Segment Start: EXTRACTED ENTRIES

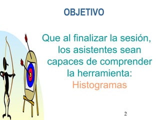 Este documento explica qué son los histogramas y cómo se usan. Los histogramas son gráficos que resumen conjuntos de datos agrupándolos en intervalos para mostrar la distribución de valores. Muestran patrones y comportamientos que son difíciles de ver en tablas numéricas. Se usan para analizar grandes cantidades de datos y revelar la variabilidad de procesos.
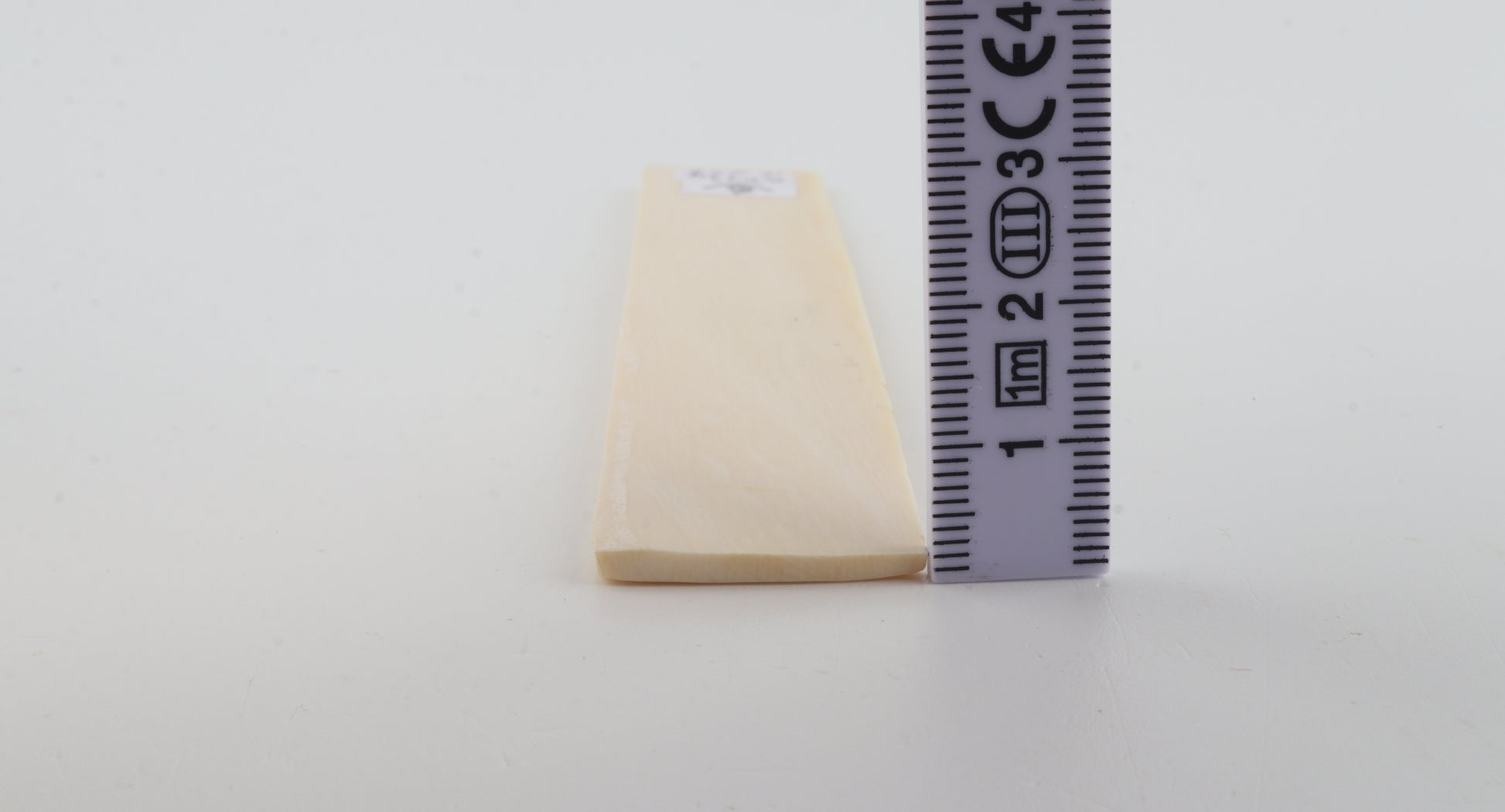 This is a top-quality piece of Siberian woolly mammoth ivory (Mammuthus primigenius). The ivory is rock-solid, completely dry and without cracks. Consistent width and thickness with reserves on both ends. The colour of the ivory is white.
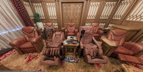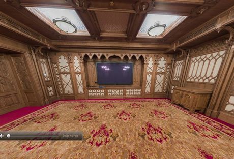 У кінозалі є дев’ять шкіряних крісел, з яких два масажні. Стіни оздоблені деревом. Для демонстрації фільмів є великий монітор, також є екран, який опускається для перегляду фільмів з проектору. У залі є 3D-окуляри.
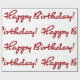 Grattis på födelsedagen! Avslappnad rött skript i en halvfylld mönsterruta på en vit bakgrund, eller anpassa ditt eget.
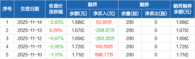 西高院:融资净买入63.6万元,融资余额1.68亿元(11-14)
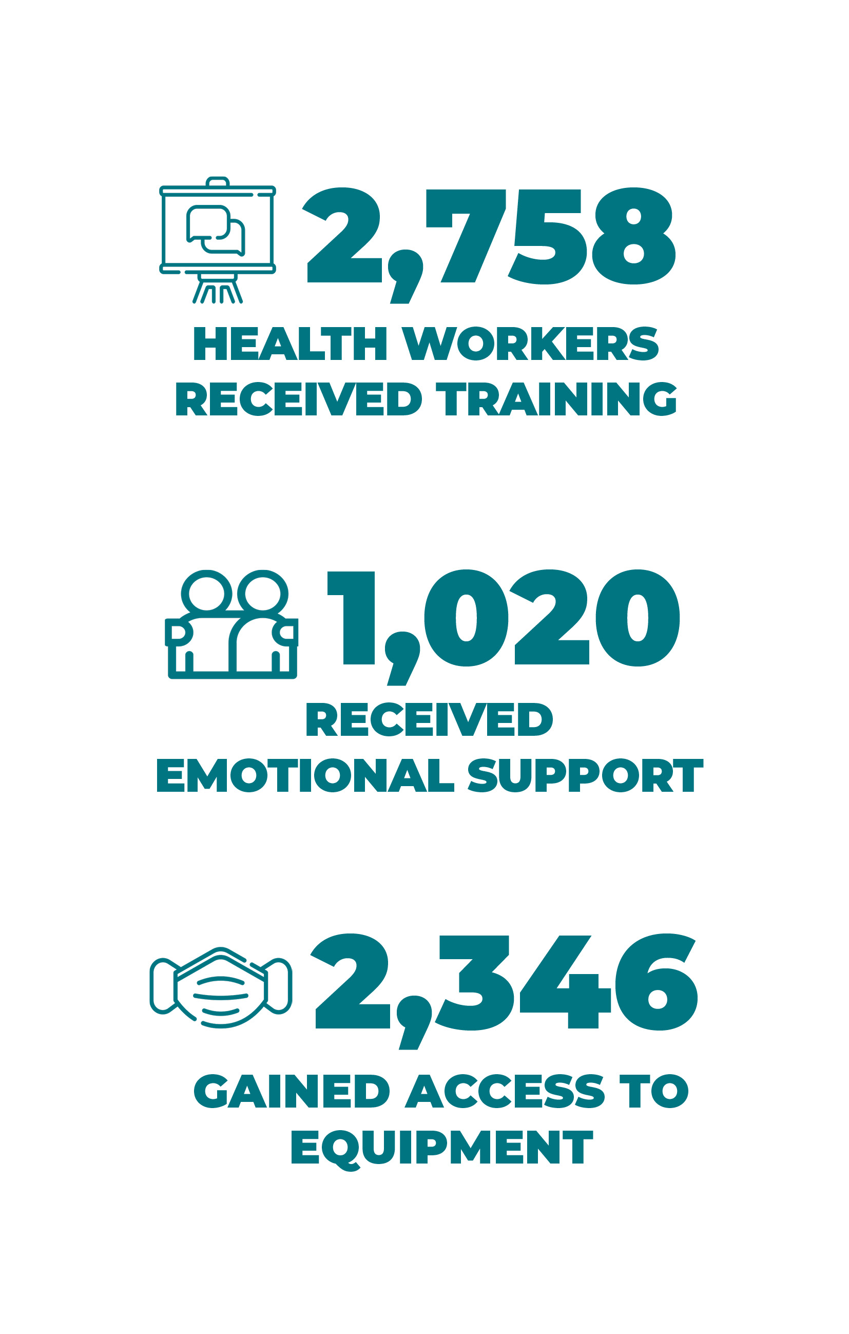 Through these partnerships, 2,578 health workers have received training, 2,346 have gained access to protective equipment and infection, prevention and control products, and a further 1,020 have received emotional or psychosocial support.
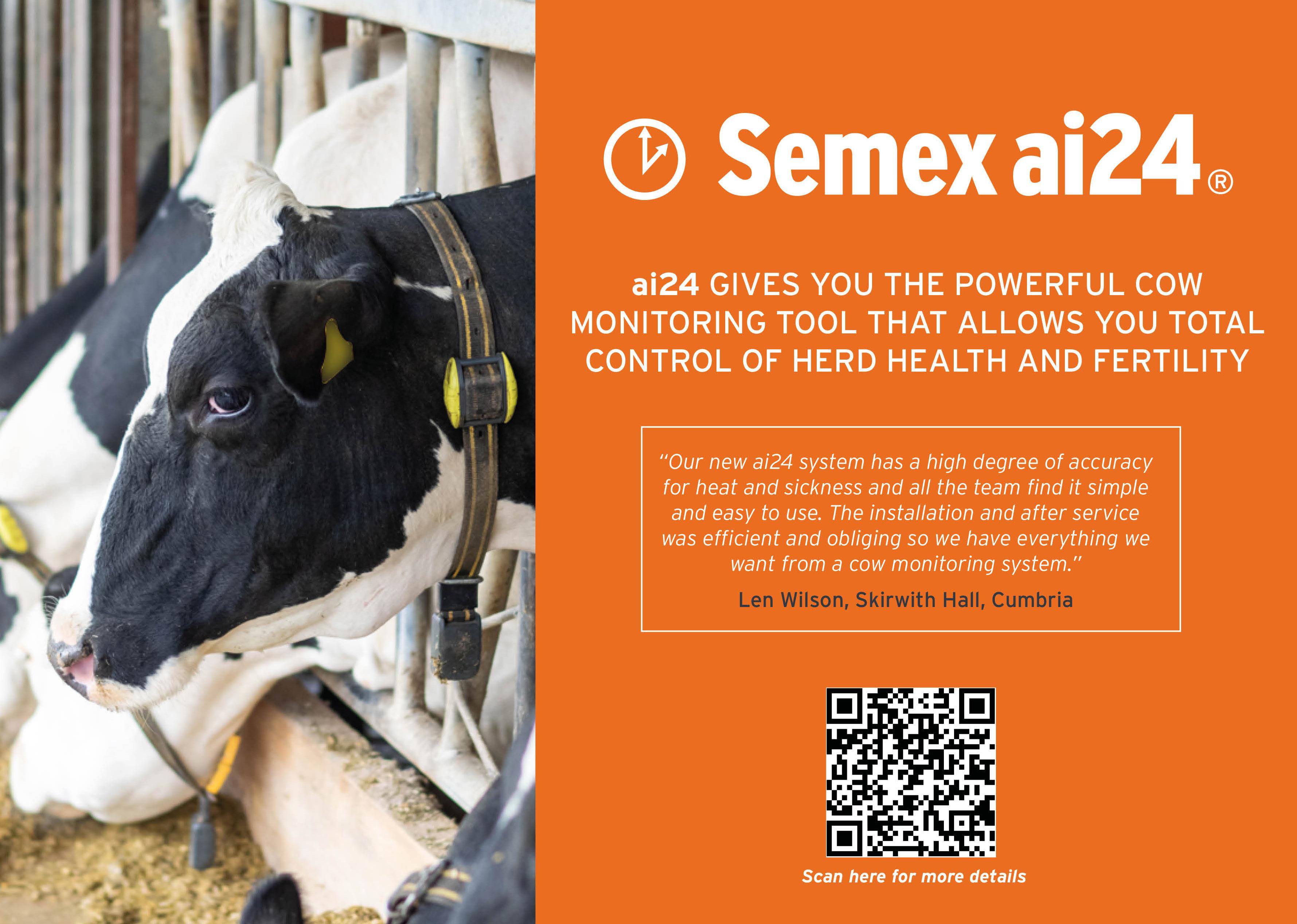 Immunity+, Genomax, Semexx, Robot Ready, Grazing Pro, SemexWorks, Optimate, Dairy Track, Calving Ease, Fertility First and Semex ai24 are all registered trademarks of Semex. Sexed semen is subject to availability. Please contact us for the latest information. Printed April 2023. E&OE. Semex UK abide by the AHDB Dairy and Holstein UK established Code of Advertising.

Segment End: EXTRACTED ENTRIES

* **EXERCISE PROMPT**: Please return the data above exactly as it stands from the line with "This is a top-quality" to the line with "Through these partnerships, 2,578", keeping both of those lines but none of the pictures.

* **RESPONSE**:
 This is a top-quality piece of Siberian woolly mammoth ivory (Mammuthus primigenius). The ivory is rock-solid, completely dry and without cracks. Consistent width and thickness with reserves on both ends. The colour of the ivory is white.
 У кінозалі є дев’ять шкіряних крісел, з яких два масажні. Стіни оздоблені деревом. Для демонстрації фільмів є великий монітор, також є екран, який опускається для перегляду фільмів з проектору. У залі є 3D-окуляри.
 Grattis på födelsedagen! Avslappnad rött skript i en halvfylld mönsterruta på en vit bakgrund, eller anpassa ditt eget.
 西高院:融资净买入63.6万元,融资余额1.68亿元(11-14)
 Through these partnerships, 2,578 health workers have received training, 2,346 have gained access to protective equipment and infection, prevention and control products, and a further 1,020 have received emotional or psychosocial support.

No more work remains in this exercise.